About this exercise – Restate, word for word and with no pictures, the stretch of lines in the data below that begins at the line with "http://naha.ma" and ends at the line with "- Cette scène", inclusive.

Records for processing –

================

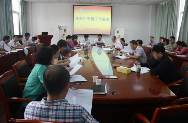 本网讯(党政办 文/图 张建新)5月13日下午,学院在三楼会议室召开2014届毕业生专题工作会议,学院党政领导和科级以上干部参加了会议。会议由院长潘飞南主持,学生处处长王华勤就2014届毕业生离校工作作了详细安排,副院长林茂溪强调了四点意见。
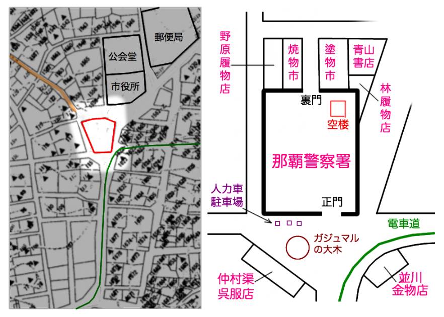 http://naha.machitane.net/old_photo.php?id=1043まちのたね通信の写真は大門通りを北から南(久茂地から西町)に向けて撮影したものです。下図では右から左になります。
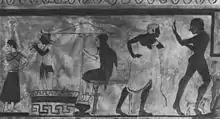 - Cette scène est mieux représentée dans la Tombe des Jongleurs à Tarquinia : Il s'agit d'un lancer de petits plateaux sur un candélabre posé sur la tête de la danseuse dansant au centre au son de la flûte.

================

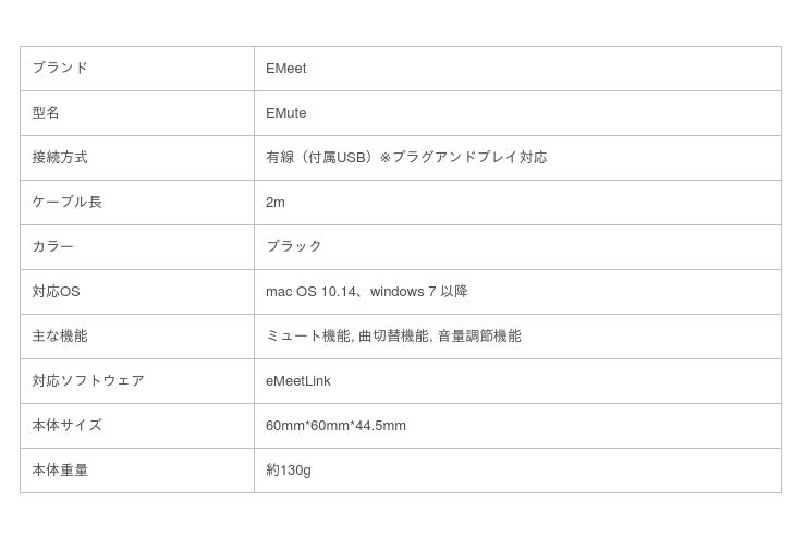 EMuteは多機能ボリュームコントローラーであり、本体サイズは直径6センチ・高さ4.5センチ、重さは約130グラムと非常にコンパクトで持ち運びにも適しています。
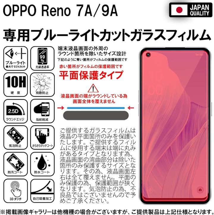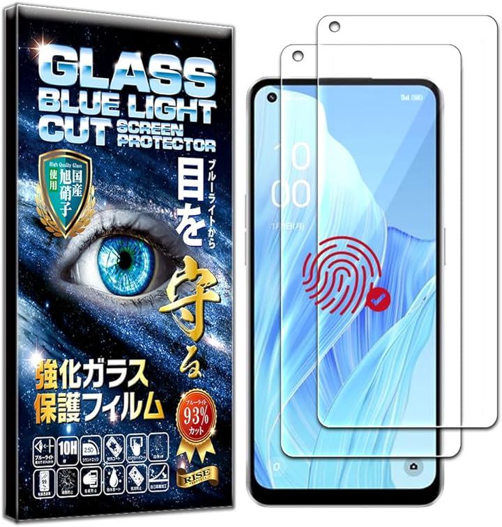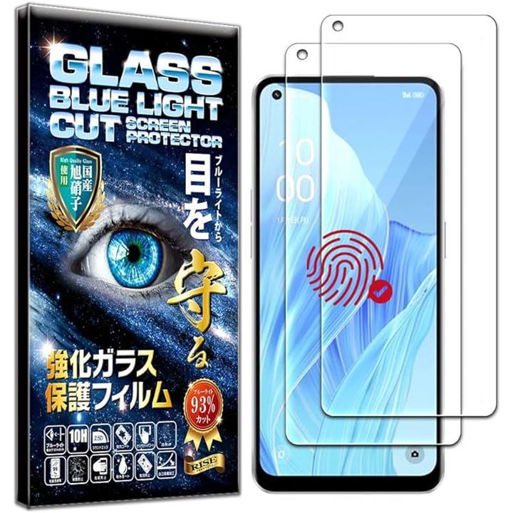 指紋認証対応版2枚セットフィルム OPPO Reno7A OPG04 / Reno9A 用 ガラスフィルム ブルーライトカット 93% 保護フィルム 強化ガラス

================

Answer to this task –
 http://naha.machitane.net/old_photo.php?id=1043まちのたね通信の写真は大門通りを北から南(久茂地から西町)に向けて撮影したものです。下図では右から左になります。
 - Cette scène est mieux représentée dans la Tombe des Jongleurs à Tarquinia : Il s'agit d'un lancer de petits plateaux sur un candélabre posé sur la tête de la danseuse dansant au centre au son de la flûte.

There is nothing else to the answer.